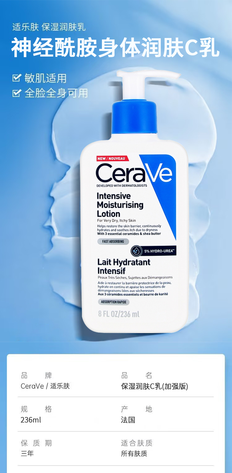 新包装加强版!Cerave适乐肤神经酰胺身体润肤乳236ml 修复屏障
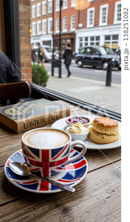ロンドンの街並みを望むカフェで楽しむ、英国国旗柄のカップのカフェラテとスコーン
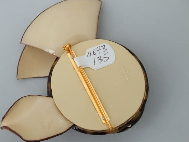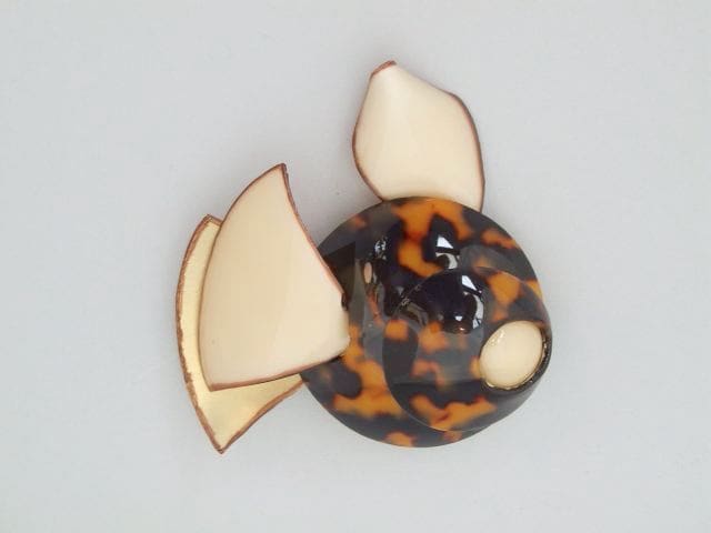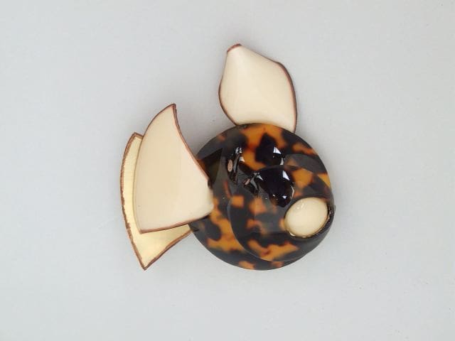 French angel fish in cream and tortoise shell phenolic material. It is signed Celia, Paris to the back and fitted with a roll safety claps.

* What is expected: Write out the whole listing above exactly; do not include the pictures.

* Solution for this task:
 新包装加强版!Cerave适乐肤神经酰胺身体润肤乳236ml 修复屏障
ロンドンの街並みを望むカフェで楽しむ、英国国旗柄のカップのカフェラテとスコーン
 French angel fish in cream and tortoise shell phenolic material. It is signed Celia, Paris to the back and fitted with a roll safety claps.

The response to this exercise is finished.